Innovation and technology hub
The HKSAR Government and mainland authorities are jointly developing the Shenzhen-Hong Kong Innovation and Technology Co-operation Zone with Shenzhen, and exploring with the Shenzhen government the idea of allowing the Hong Kong Science and Technology Parks Corporation to lease and manage certain areas of the Innovation and Technology Zone in Futian, Shenzhen, before the completion of the first batch of research and development buildings in the Hong Kong-Shenzhen Innovation and Technology Park at the Lok Ma Chau Loop, she said.
The Government will also launch a five-year Global STEM Professorship Scheme at a cost of HK$2 billion to attract outstanding research & Development talent from overseas to engage in R&D work in Hong Kong, and will release the Smart City Blueprint for Hong Kong 2.0 in December this year with more than 130 smart-city initiatives.
The Government will also launch the Fintech Proof-of-Concept Subsidy Scheme to encourage traditional financial institutions to partner with start-ups to conduct Proof-of-Concept projects and conduct a public consultation on establishing a licensing regime to monitor virtual asset service providers.
Mrs Lam said Hong Kong’s banking system remains robust with major banks’ average liquidity coverage ratio and average capital adequacy ratio exceeding 156% and 20% respectively, both well above the international regulatory standards.

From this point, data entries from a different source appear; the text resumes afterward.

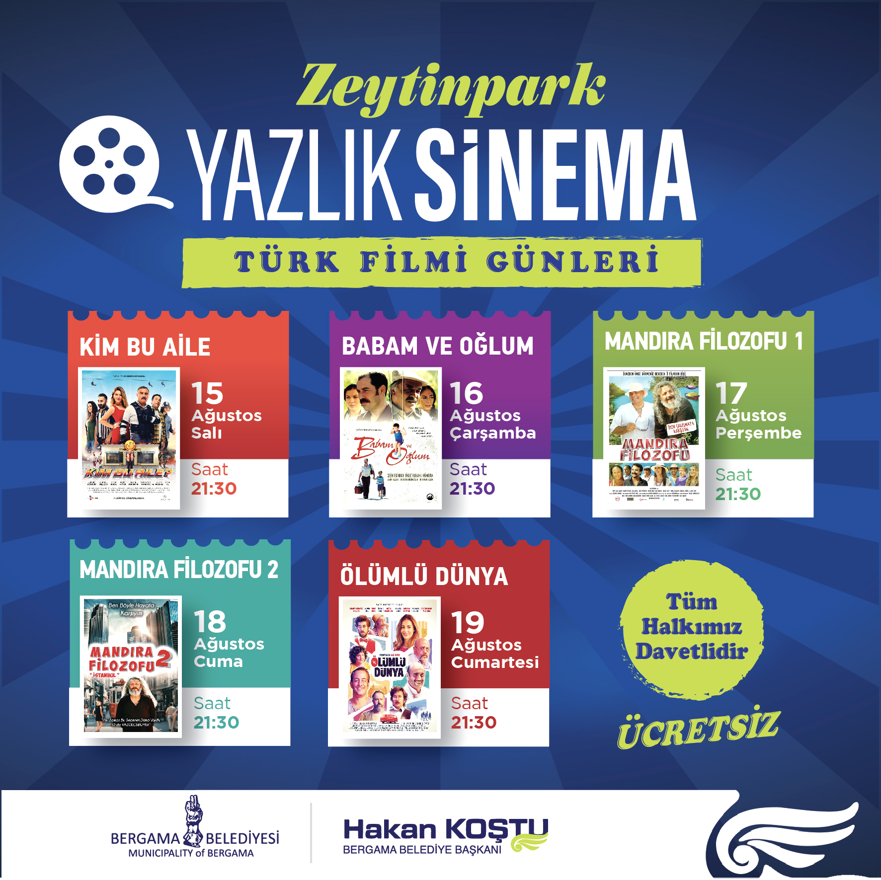 Eski zamanların en sevilen etkinliklerinden biri olan açık hava sinemalarını hatırlatmak, yaz akşamlarının serinliğinde keyifle film izlemek için düzenlenen etkinlik 5 gece boyunca sürecek. 'Türk Filmi Günleri' konseptinde düzenlenecek film geceleri saat 21.30'da ücretsiz biçimde halkla buluşacak.
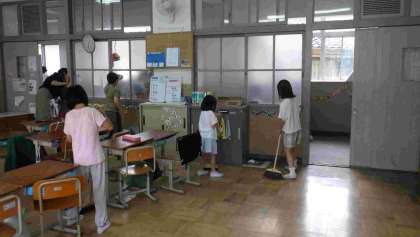 スマイリーグループで遊んだ後は、掃除もしました。高学年が低学年に掃除の仕方を教えたり、いつもとはちがう他の学年の教室の掃除を自分でやることを考えて掃除したりする素敵な姿がたくさん見られました。
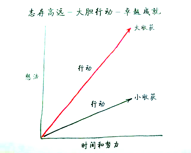 同样的行动,一样的时间,一样的努力,意愿强,斜率就高,意愿弱,斜率就低。辛苦不值得被炫耀。斜率高,收获大,斜率小,收获小。为什么同样时间,同样行动,收获反差如此之大,原因在此。
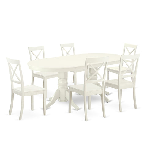 VABO7-2U0-3 Elegant 7-Piece White Dining Ensemble with Oval Table & Six Matching Chairs, 40x76
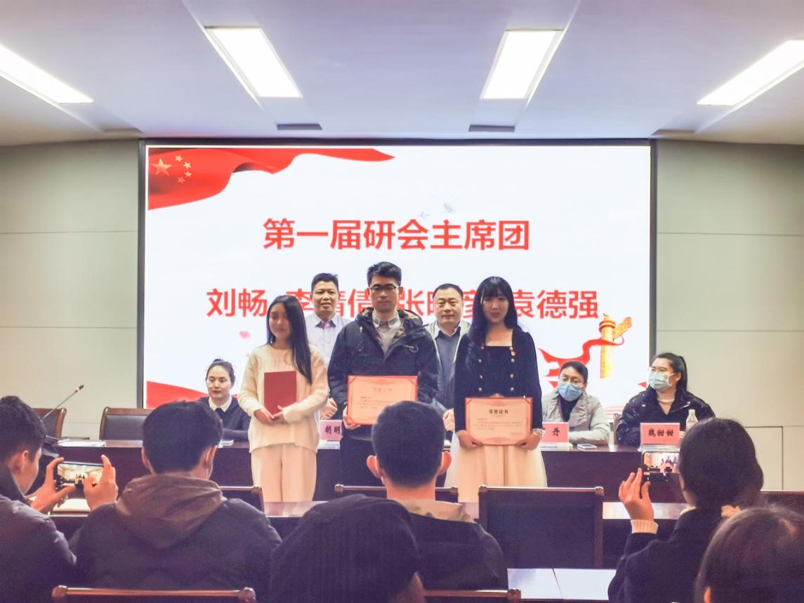 第一届研究生会主席团代表袁德强同学对过去一年研究生会工作做全面总结。随后,出席会议的领导、老师们为第一届研究生会干部颁发荣誉证书。
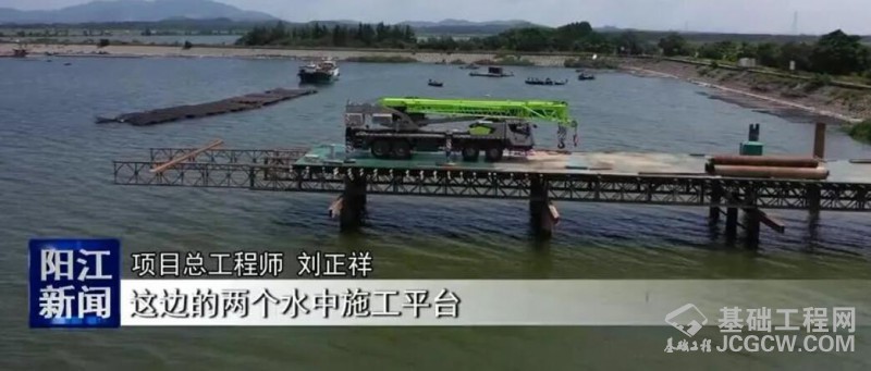 项目总工程师 刘正祥:每天的施工进度是12米,目前是完成了72米,施工的顺序依次是由下往上,近期我们会施工靠近海堤路这边的两个水中施工平台,今年将力争完成高新区段水上栈桥的施工及100根桥梁桩基施工。
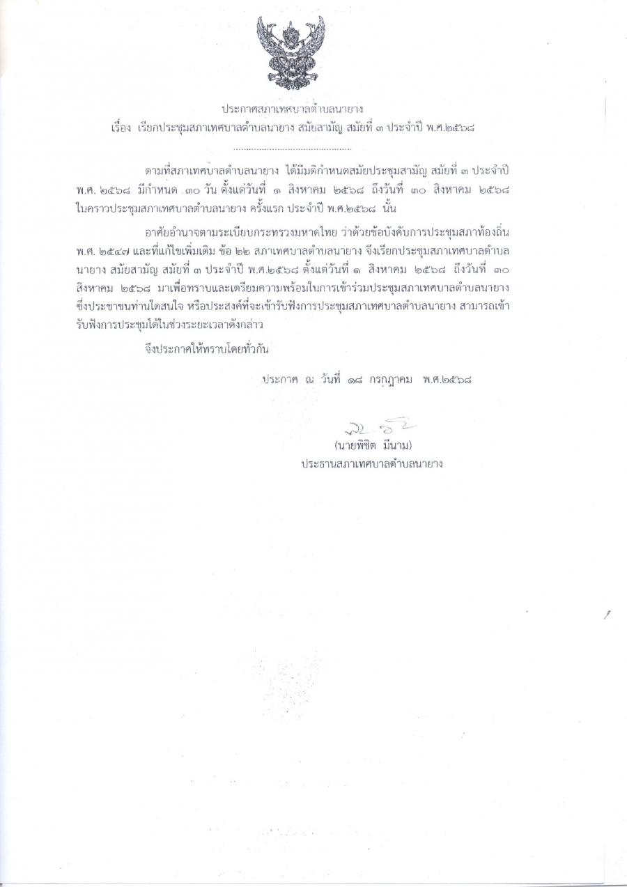 สภาเทศบาลตำบลนายาง กำหนดประชุมสภาเทศบาลตำบลนายาง สมัยสามัญ สมัยที่ 3 ประจำปี 2568 ในวันที่ 1สิงหาคม 2568 ตั้งแต่เวลา 10.00 น. เป็นต้นไป
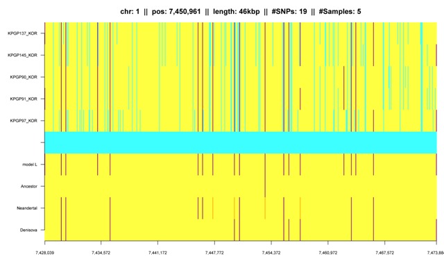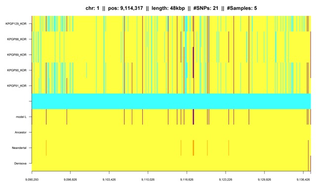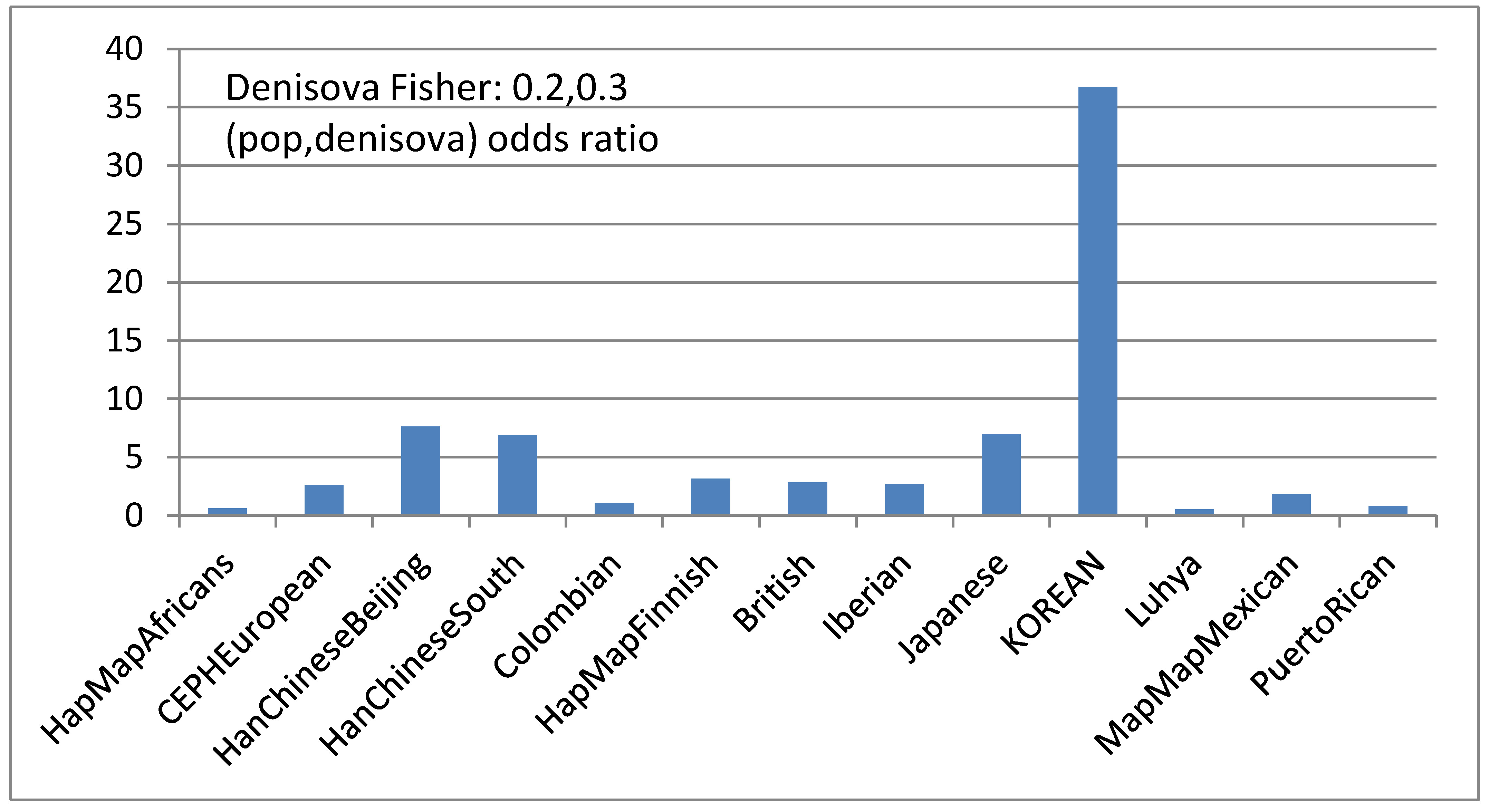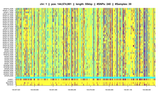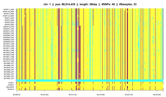 Fig. K4: Another IBD segment that matches the Denisova genome and is shared by Asians, in particular observed in Koreans.
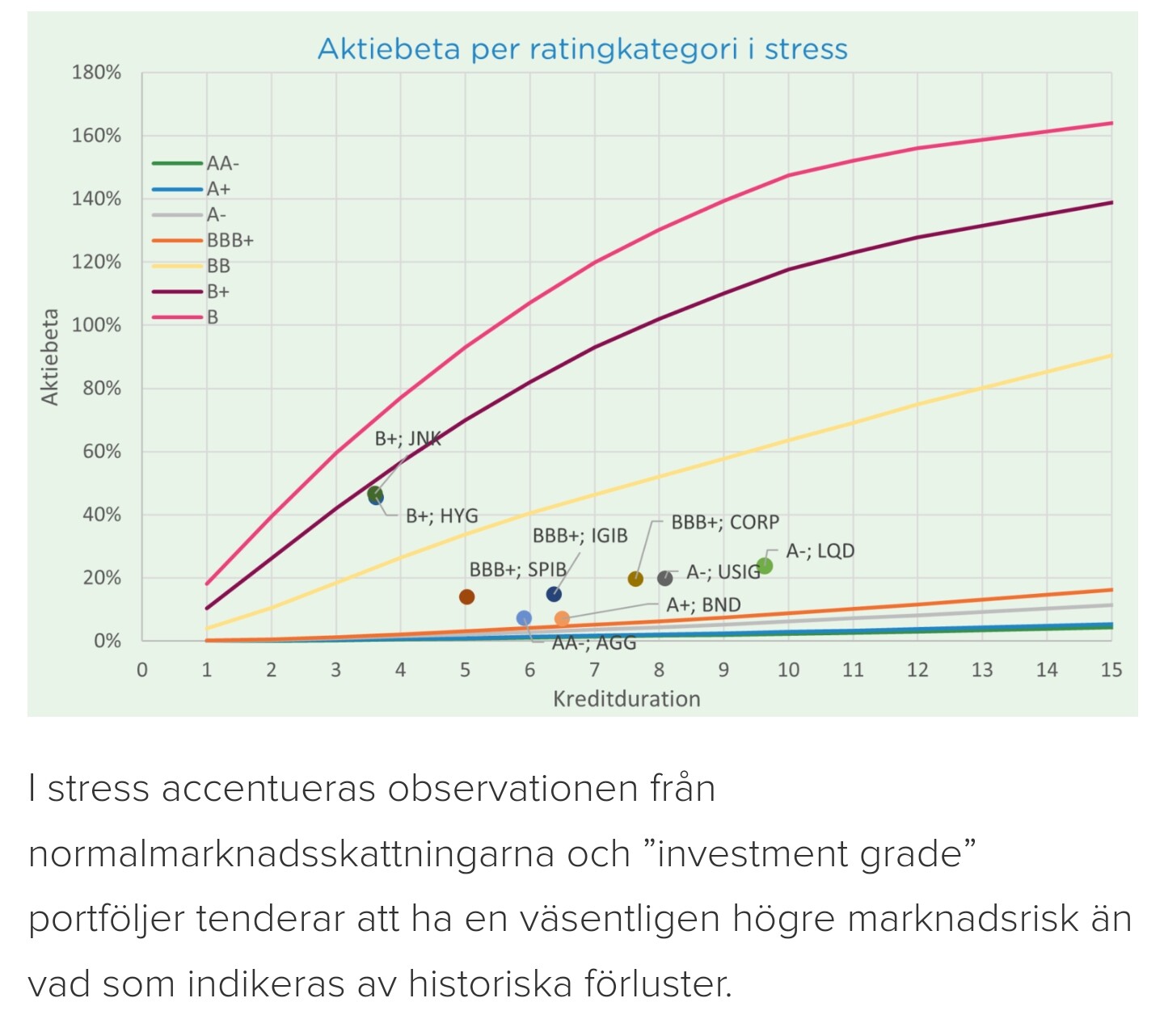Avanza Ränta Global(ingen månadsrapport finns, uppskattar snittkreditbetyg ~BBB = vinröd linje, kreditduration ~6 år) borde ha ett aktiebeta runt 25%. Så om börsen faller 50% faller den 12,5%.

From end-2019 to the end of September this year, the total deposits of banks grew 7.3%. Other facets of the financial services sector such as the securities and insurance markets also continue to operate in an orderly manner. In these turbulent times of international and geopolitical tension, the Government and the financial regulators will continue to closely monitor financial market development to ensure financial stability.